So they practiced finding that spot, picking a stranger at random out of a crowd and following him. Neal got good at it, real good, and Graham marveled at the kid’s ability to fade back into a crowd, to disappear momentarily, and then reappear instantly back on the track. And a shadow made more noise than Neal Carey.

“Use the crowd,” Graham lectured. “Horizontal, too, not just vertical, because you can get beside your guy if you use the crowd right. Like try to find a woman with real big ones, and get beside her. Then when your guy turns around, he’s not even going to see you, he’s too busy checking out her Daisy Maes.”

Soon neal graduated to trickier stuff.

“Today,” Graham announced one time, “you’re going to follow me from the front.”

“That doesn’t make any sense.”

“That’s why it’s so beautiful. No one is going to be looking for a tail in front of him.” Graham showed him, crossing the street and then crossing back in front of a guy they picked at random. Graham used store windows and the mirrors of parked cars to follow his man, not missing a beat when the man turned into a bookstore off Fifty-seventh.

Neal tried and failed miserably, losing his mark after five minutes.

“Because you didn’t listen, Neal. Remember what I told you: Every step is different. Do the soles of his shoes slap the sidewalk? Do they click? If it’s a woman wearing high heels, that’s a different sound. Maybe the mark’s wearing sneakers.”
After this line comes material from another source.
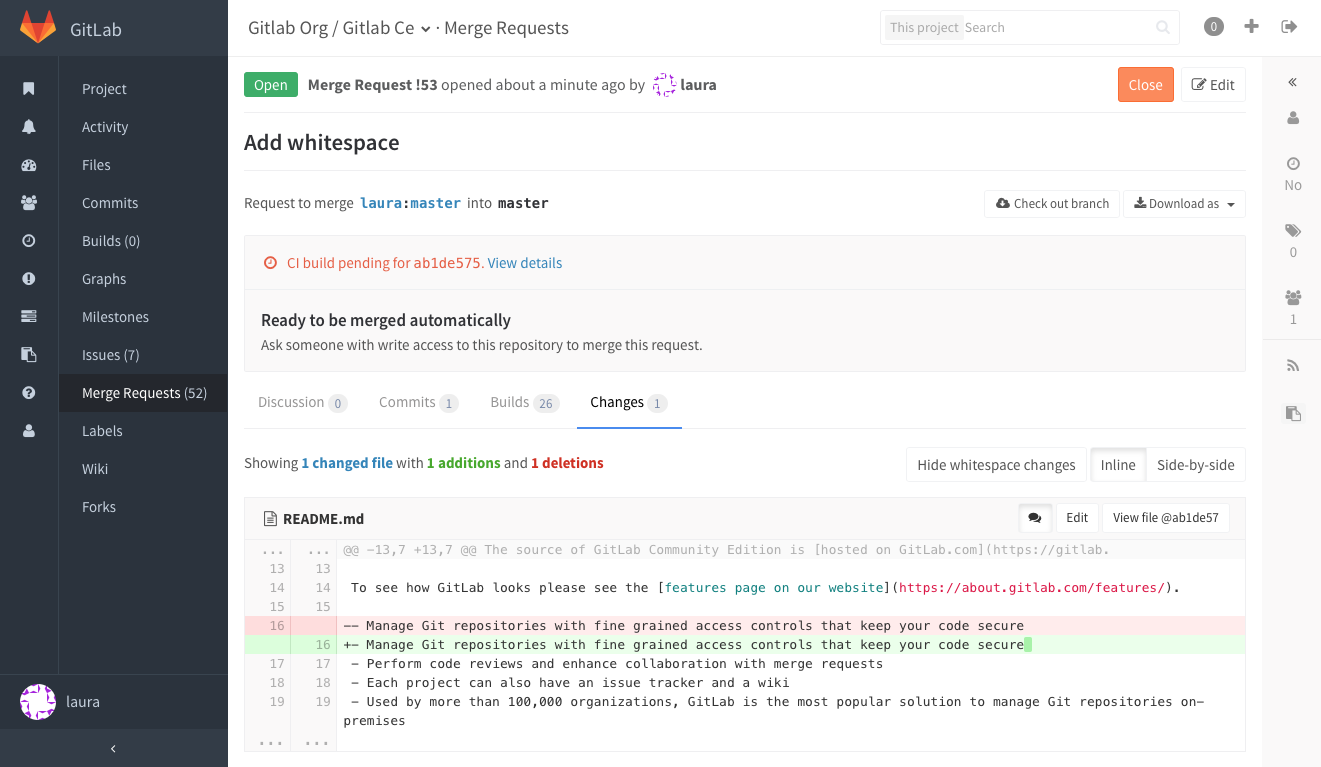 Merge requests allow you to exchange changes you made to source code

Back at it. Until “Front Following” became automatic. Then they moved on to “The East Side—West Side,” where the tail stays on the opposite side of the street. (“Why does the chicken cross the road?” Graham asked. “So the chicken he’s following doesn’t make him.”)

Then they went to the two-man stuff: relays, pass-offs, front and back doors, peekaboos (“Peekaboo. I see you. You see me. But you don’t see him.”), and the ever-tricky “Fake Burn,” in which you let the mark give you his best move and “lose” you, while your unseen partner stays on the mark’s relaxed ass.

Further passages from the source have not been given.